Session Title CC - Tools for Assessing Climate Resilience for Transportation Projects
Title Advancing Electric Transit: Optimizing Charging Schedules for Eco-Friendly Buses
Abstract or description

As global attention intensifies on environmental sustainability, the shift from diesel to electric buses in public transportation systems is gaining crucial importance. This transition extends beyond mere replacement of diesel buses; it encompasses the challenge of infrastructure planning and its optimal utilization. Our paper introduces a mixed-integer optimization model enhanced by a heuristic algorithm, aimed at creating effective charging schedules for electric buses, an essential step towards a greener transit system. 
The core of our approach lies in tackling the challenges posed by multiple buses competing for limited charging stations. Directly solving the mixed-integer problem often results in excessive computational times and impractical solutions. To address this, we propose a heuristic algorithm that provides efficient and workable scheduling solutions. This model considers various factors, including charging rate, required safety charge level, and the limited duration a bus can spend connected to a charger.

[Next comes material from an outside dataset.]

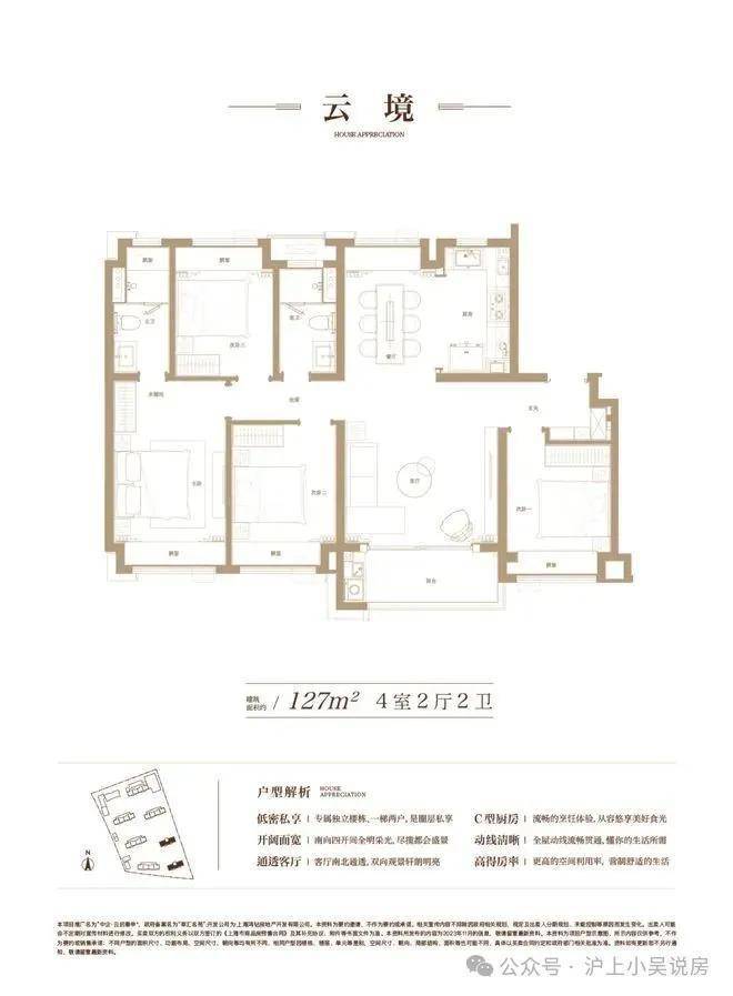 建筑约127㎡的「云境」空间内, 四开间南向结合舒朗的方厅,大尺度的面宽让光赋予了生活更多的灵感。 厨房U形台面,尽情挥洒味觉灵感, 一体化的客餐厅创造更丰富的用餐、社交场景,从西式brunch到日式omakase,尽享味蕾的欢愉时光。 一梯两户的入户,搭配轩朗的玄关,让每一次归家,都更从容......

Importantly, the algorithm incorporates penalties for overly utilized chargers, aiming to minimize these penalties to enhance overall bus scheduling. 
A significant contribution of our research is the development of an interactive tool that utilizes bus schedules to propose optimal charging strategies. This tool offers transit planners the flexibility to adjust key parameters like battery capacity and minimum charge levels, charging rate, changing capacity of each charging station, allowing for a tailored approach to each unique transit scenario.  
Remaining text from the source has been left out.